Novant Health, which operates Brunswick Community Hospital, also has a local urgent care center – Novant Urgent Care, which is on Main Street in Shallotte. System-wide, Novant operates 20 urgent care centers.

The Shallotte facility is staffed by nationally board-certified physicians, said Novant spokeswoman Amy Myers.

“Urgent care centers allow us to improve access to our patients who need same-day service, and in the coastal area, they also provide care for the many vacationers who visit the area,” Myers said.

A ‘good alternative’

“As more and more businesses across the country transition their employees to consumer-driven health care plans, it is likely that patients will consider the cost of care being sought at (urgent) care facilities more than they have in the past,” Myers said.

Wilmington Health Associates, a multi-specialty medical group practice that has operated in southeastern North Carolina for 30 years, recently acquired two urgent care clinics. The Med Care clinics are on 5245 S. College Road in Wilmington and in Jacksonville.

Some urgent care centers in Wilmington are run by small physician groups. Wrightsville Family Practice & Urgent Care combines a traditional medical practice with urgent care availability on the weekends. The business, at 1414 39th St. in Wilmington, is run by two doctors. The medical practice opened in 2001 and the urgent care component opened in 2003, said office manager Sharon Williams.

Williams said one doctor and a registered nurse work on weekends. Patients “come from all over,” she said.

Some urgent care facilities don’t accept patients without insurance or who have Medicare or Medicaid. Some patients must pay out-of-pocket or are given other treatment options that may include a trip to a hospital emergency room.
‘Quality and safety’

A N.C. Medical Society spokesman said all urgent care facilities are not created equal.

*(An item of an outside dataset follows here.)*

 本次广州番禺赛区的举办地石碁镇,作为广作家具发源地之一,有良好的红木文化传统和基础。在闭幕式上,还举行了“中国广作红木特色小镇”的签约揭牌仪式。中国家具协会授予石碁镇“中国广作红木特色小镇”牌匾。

“Quality and safety, of course, are always paramount,” said Mike Edwards, N.C. Medical Society spokesman. “We oppose the existence of store-based clinics unless they embrace certain principles.”

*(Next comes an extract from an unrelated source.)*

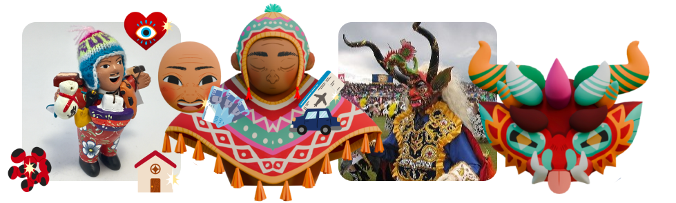 El ekeko es una figura andina asociada a la abundancia: un personaje cargado de objetos, deseos y promesas. Representa la idea de tener mucho, de aspirar a más.

The first principle states that the clinics “must have a well-defined and limited scope of clinical services, consistent with state scope of practice laws.”

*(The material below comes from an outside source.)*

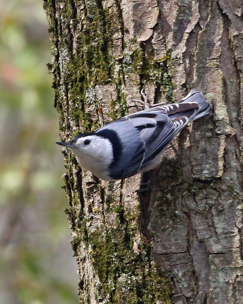 In the forest I notice the quick movement of a bird as it flits from one tree trunk to another. For a moment it pauses nearby. A White-breasted Nuthatch.

The second calls for “standardized medical protocols derived from evidence-based practice guidelines” to ensure patient safety and quality care.

Others state that health care practitioners have direct access to and supervision by those with medical degrees.

Public perception of urgent care centers as “doc in a box” facilities has changed, Horwitz said.

“That is a largely outdated perception, in my opinion. Urgent care has either evolved or people have become more aware that they really don’t have limited services,” she said. The majority of doctors working at urgent care centers are either family medicine or emergency room physicians, Horwitz said, “so obviously they think it’s great.”
Good local relationships

When urgent care centers become well integrated into the primary and specialty care communities in an area, “there is a very good relationship because it gives the primary care physicians someone known and trusted to send their patients to when they cannot see them,” Horwitz said.

Urgent care centers are also a good referral source for specialists in the community for conditions that need additional treatment, she said.

The urgent care concept has obviously caught on. Medac Health Services operates three urgent care centers in Wilmington.

NextCare Urgent Care, with clinics in six states, has 16 locations in North Carolina and one in Wilmington.
And local hospitals are on board along with medical groups like Wilmington Health Associates, indicating that competition is heating up for the urgent care dollar.